DATA TO USE:

────────────────────

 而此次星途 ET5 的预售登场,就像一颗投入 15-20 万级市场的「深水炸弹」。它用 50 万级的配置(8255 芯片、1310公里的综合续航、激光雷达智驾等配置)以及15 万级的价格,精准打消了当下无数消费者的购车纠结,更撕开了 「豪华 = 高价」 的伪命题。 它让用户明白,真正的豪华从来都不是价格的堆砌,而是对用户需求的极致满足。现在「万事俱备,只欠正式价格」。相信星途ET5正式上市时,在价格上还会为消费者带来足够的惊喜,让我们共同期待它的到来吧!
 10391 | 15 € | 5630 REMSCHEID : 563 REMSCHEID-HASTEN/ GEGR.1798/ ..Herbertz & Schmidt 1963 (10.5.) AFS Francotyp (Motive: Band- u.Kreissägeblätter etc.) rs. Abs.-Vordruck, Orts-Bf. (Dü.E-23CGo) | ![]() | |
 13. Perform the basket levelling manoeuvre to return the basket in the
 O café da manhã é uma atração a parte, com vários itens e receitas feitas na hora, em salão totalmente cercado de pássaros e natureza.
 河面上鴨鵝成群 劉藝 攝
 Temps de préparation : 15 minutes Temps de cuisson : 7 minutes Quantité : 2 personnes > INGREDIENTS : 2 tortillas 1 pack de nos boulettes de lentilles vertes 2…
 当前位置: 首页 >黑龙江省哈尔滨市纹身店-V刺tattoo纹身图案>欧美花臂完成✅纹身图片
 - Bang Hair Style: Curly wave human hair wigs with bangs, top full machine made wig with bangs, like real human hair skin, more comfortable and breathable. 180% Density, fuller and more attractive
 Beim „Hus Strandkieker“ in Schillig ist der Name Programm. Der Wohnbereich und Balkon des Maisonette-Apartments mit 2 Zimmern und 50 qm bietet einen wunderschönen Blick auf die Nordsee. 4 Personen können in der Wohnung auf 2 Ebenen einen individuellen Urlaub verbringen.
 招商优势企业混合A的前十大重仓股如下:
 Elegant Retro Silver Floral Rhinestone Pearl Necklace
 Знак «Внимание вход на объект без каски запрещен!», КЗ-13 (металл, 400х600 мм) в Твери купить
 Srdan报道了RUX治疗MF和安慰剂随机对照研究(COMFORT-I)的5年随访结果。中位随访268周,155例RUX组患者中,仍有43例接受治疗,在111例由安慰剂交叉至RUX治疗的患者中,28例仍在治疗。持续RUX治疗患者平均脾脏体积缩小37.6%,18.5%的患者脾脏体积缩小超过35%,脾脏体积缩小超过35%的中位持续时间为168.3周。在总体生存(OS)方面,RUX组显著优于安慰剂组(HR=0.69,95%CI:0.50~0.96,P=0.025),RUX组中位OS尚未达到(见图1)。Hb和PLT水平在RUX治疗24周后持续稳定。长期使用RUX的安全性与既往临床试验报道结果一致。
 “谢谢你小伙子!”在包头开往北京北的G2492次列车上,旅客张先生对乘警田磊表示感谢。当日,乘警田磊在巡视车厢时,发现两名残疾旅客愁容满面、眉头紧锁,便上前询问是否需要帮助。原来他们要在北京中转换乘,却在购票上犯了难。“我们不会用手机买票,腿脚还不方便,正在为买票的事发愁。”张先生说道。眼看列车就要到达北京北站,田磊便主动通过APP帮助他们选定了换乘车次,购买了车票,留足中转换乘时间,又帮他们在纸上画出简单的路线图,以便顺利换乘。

────────────────────

TASK GOAL:
Look above for the line holding "O café da manhã" and the line holding "- Bang Hair". Retype both, and every line between them, word for word and nothing else.

PROBLEM SOLUTION:
 O café da manhã é uma atração a parte, com vários itens e receitas feitas na hora, em salão totalmente cercado de pássaros e natureza.
 河面上鴨鵝成群 劉藝 攝
 Temps de préparation : 15 minutes Temps de cuisson : 7 minutes Quantité : 2 personnes > INGREDIENTS : 2 tortillas 1 pack de nos boulettes de lentilles vertes 2…
 当前位置: 首页 >黑龙江省哈尔滨市纹身店-V刺tattoo纹身图案>欧美花臂完成✅纹身图片
 - Bang Hair Style: Curly wave human hair wigs with bangs, top full machine made wig with bangs, like real human hair skin, more comfortable and breathable. 180% Density, fuller and more attractive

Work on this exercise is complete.